I am parsing a string with bundle configurations. For simplicity sake, let's say there are only two layouts:
WEIGHT*SIZE
and
SIZE*WEIGHT
sample data looks like this:
12g*15
13g*20
20pack*2.5kg
40packs*15g
10p*35g
Regex I am using now is basically two regex expressions for each layout divided by '|':
(?:[0-9]{1,3})(?:packs|pack|p|)\*([\d.,]{1,3})(?:g|kg)|([\d.,]{1,3})(?:g|kg)\*(?:[0-9]{1,3})(?:packs|pack|p|)
But in first two lines it gives result in group(1), and for later 3 result is in group(2).
For the simplicity sake, can I somehow have result only in group(1) regardless which side of "|" in my regex fired? So I don't need to iterate through groups after using re.search?
(I know i could just do ([\d.]{1,3})(?:g|kg)
, but I need to fetch weight form exactly this types of layouts, single weight without bundle size like 5kg
should not be taken into account)
CodePudding user response:
You didn't specify which language/flavour of RegEx you are using, but assuming you are using Python here are a few possible solutions:
Option 1: Select first non-empty capturing group
This is the solution proposed in the comment from Tim Biegeleisen, and probably the quickest. Might look something like this:
import re
pattern = '(?:[0-9]{1,3})(?:packs|pack|p|)\*([\d.,]{1,3})(?:g|kg)|([\d.,]{1,3})(?:g|kg)\*(?:[0-9]{1,3})(?:packs|pack|p|)'
examples = "12g*15,13g*20,20pack*2.5kg,40packs*15g,10p*35g".split(',')
rx = re.compile(pattern)
for e in examples:
for match in rx.finditer(e):
for g in match.groups():
if g:
print(g)
Output:
12
13
2.5
15
35
Option 2: Use named capturing groups
The syntax is (?P<name>regex)
as per this page. RegEx allows the same name for two capturing groups, so you could modify your RegEx to the following:
(?:[0-9]{1,3})(?:packs|pack|p|)\*(?P<weight>[\d.,]{1,3})(?:g|kg)|(?P<weight>[\d.,]{1,3})(?:g|kg)\*(?:[0-9]{1,3})(?:packs|pack|p|)
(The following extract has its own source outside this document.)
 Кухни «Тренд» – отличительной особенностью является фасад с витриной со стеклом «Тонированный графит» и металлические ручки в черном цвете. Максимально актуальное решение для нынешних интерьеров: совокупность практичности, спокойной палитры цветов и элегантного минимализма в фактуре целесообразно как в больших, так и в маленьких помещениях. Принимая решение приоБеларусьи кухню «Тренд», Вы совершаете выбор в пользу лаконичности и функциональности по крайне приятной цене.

However, Python's in-built re
module does not supported identically named groups (as per this answer), so you would need to pip install and import the PyPI regex
module. Might look like this:
import regex
pattern = r'(?:[0-9]{1,3})(?:packs|pack|p|)\*(?P<weight>[\d.,]{1,3})(?:g|kg)|(?P<weight>[\d.,]{1,3})(?:g|kg)\*(?:[0-9]{1,3})(?:packs|pack|p|)'
examples = "12g*15,13g*20,20pack*2.5kg,40packs*15g,10p*35g".split(',')
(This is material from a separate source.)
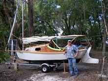 sailed good with just the big gaff sail. He's added a bowsprit
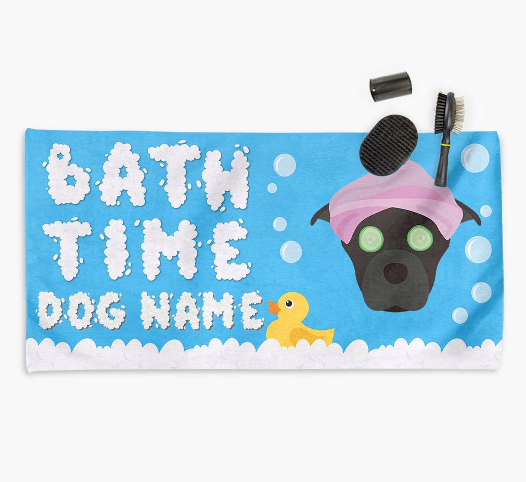 Does Your Staffie love bubble baths? Once they've bathed, take their bathtime experience to the next level by wrapping them up in their very own towel, that's personalized just for them.

rx = regex.compile(pattern)
for e in examples:
for x in rx.finditer(e):
print(x.group("weight"))
Output:
12
13
2.5
15
35
Option 3: Rewrite the RegEx so that you can put both options inside a single named capturing group
You could make the parts before and after the weight optional so that you just have a single instance of the weight group:
(?:(?:[0-9]{1,3})(?:packs|pack|p|)\*)?([\d.,]{1,3})(?:g|kg)(?:\*(?:[0-9]{1,3})(?:packs|pack|p|))?
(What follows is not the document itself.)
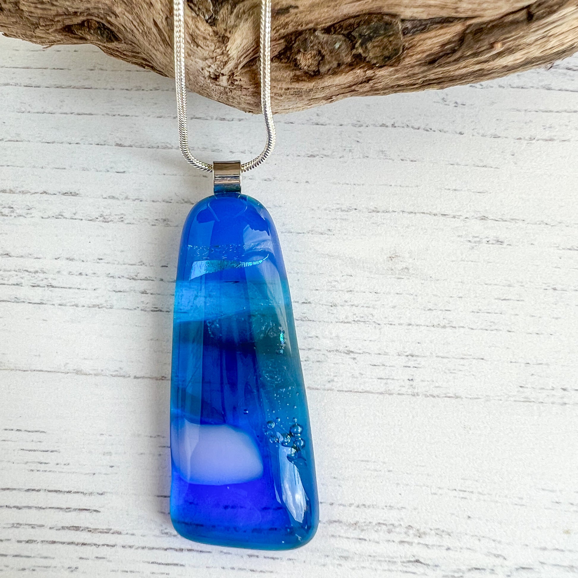 This sea dichroic glass necklace is a handmade necklace inspired by my local beaches.

The above RegEx captures the number for the weight only in Group 1 for all of your examples. However it will also capture weights for a string like 40packs*15g*40packs
that doesn't match your initial spec. You should be able to rewrite it to be more strict while still keeping only a single capturing group, but it might end up getting quite long.